Electrochemical-catalytic reduction of nitrate over Pd–Cu/γAl2O3 catalyst in cathode chamber: Enhanced removal efficiency and N2 selectivity

• Highly-active and nitrogen selective Pd–Cu/γAl2O3 catalyst was prepared.
• A novel electrochemical-catalytic (ECC) nitrate reduction system was developed.
• H2 was generated on cathode surface and served as reductant in catalytic reaction.
• NO3− removal rate, N2 selectivity, and current efficiency were enhanced in ECC.

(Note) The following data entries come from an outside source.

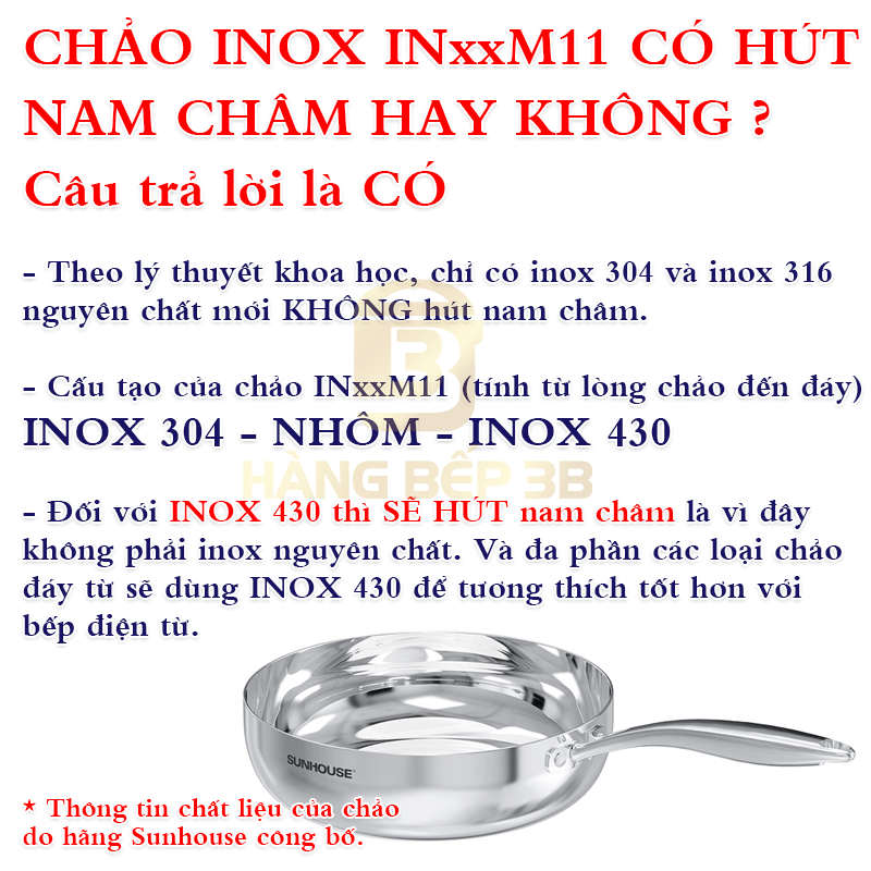 | Chất liệu thân chảo | Inox 304 - Nhôm - Inox 430 tính từ lòng chảo ra bên ngoài |
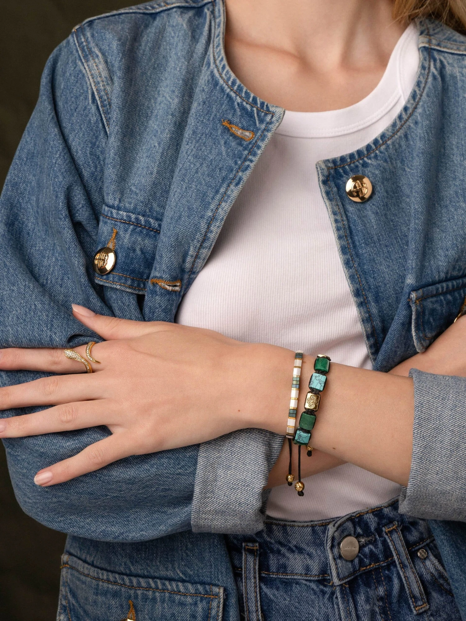 The white beads symbolize purity, the patina green adds a touch of nature’s tranquility, and the gold accents bring a touch of opulence. The bracelet is a harmonious blend of colors that seamlessly transitions from day to night, offering versatility and charm.
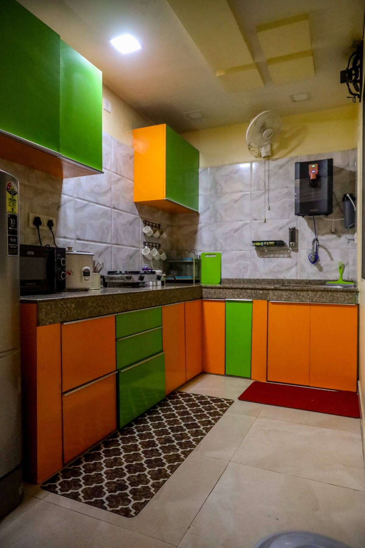 Welcome to our cozy and thoughtfully designed 3-room apartment, perfect for families, groups, or remote workers! Each bedroom features a comfortable queen bed, ceiling fan, wardrobe with locker, and its own unique vibe Room 1: Entertainment room with TV Room 2: The only room with AC workspace & story books Room 3: Recreational space to relax or stretch Enjoy a functional kitchen, high-speed WiFi, a common area with both Indian & western toilets, separate bathroom with geyser, and free parking!
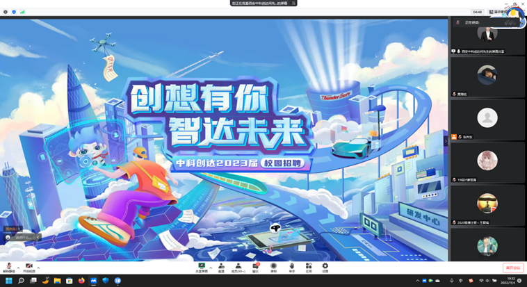 为切实推进公司毕业生就业服务工作,拓宽就业渠道,2022114日晚上19:30,公司举办了西安中科创达软件有限公司专场校园招聘线上宣讲会。公司辅导员、毕业班班主任和2023届本硕毕业生共110余人参加。
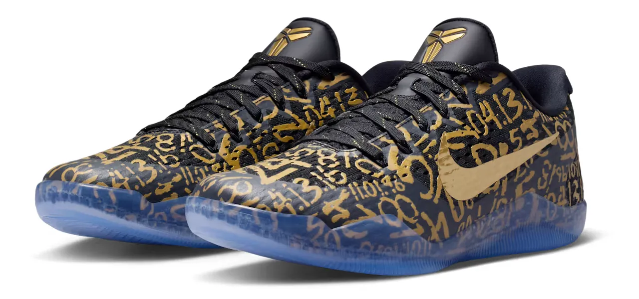 The Kobe 11 Protro Mamba Day comes in a black mesh construction with metallic gold numerology references on the upper. These graphics highlight important moments in Kobe’s career, including his 81-point game, five championships and 18 All-Star appearances.
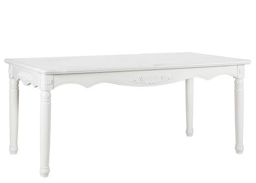 Stół Abigail to kwintesencja angielskiego stylu i funkcjonalności w Twoim domu. Ten elegancki mebel, wykonany z wysokiej jakości płyty MDF w kolorze złamanej bieli, z pięknymi drewnianymi nogami, wnosi do wnętrza nutę ponadczasowego uroku. Wyróżniające się subtelne zdobienia na krawędziach i toczone nogi nadają mu charakter klasycznego angielskiego designu. Stół Abigail to nie tylko piękno. Rozkładany blat pozwala na dostosowanie wielkości stołu do bieżących potrzeb, czyniąc go idealnym rozwiązaniem zarówno na codzienne posiłki, jak i większe przyjęcia rodzinne. Solidna konstrukcja gwarantuje stabilność i trwałość, a uniwersalny design sprawia, że stół doskonale komponuje się z różnymi stylami wnętrz. Delikatny odcień złamanej bieli nadaje wnętrzu lekkości i świeżości, jednocześnie tworząc ciepłą, przytulną atmosferę. Stół Abigail to centralne miejsce domu, gdzie rodzinne spotkania nabierają wyjątkowego charakteru.
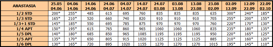 U smenama sa zvezdicom *, u slučaju sopstvenog prevoza cena paket aranžmana se umanjuje za 25€ po osobi.

The Pd–Cu/γAl2O3 catalysts were prepared by impregnation method and introduced into the cathode chamber of a divided electrochemical denitrification cell with two graphite plates as the cathode and anode, to enhance the nitrate removal efficiency and N2 selectivity. The Pd–Cu/γAl2O3 catalysts were characterized by transmission electron microscope (TEM), X-ray diffraction (XRD), specific surface area measurements (BET) and inductively coupled plasma-atomic emission spectrometry (ICP-AES). In the rationally designed electrochemical-catalytic (ECC) system, the as-prepared catalyst could significantly enhance the nitrate degradation rate to 1.08 mg/L at current density of 10 mA/cm2, which was approx. 2.5 times compared with the electrochemical (EC) system without catalysts adding in. Additionally, a higher nitrogen selectivity of 80.37% was obtained under the same experiment condition. The improved performances were likely due to the presence of a catalytic reduction reaction of nitrate with the appropriate amount of hydrogen generated by electrolysis as reductant. Significantly, the current efficiency was calculated and enhanced value of 20–40% (depended on current density) was obtained in the ECC process with a catalyst content of 1.0 g/L.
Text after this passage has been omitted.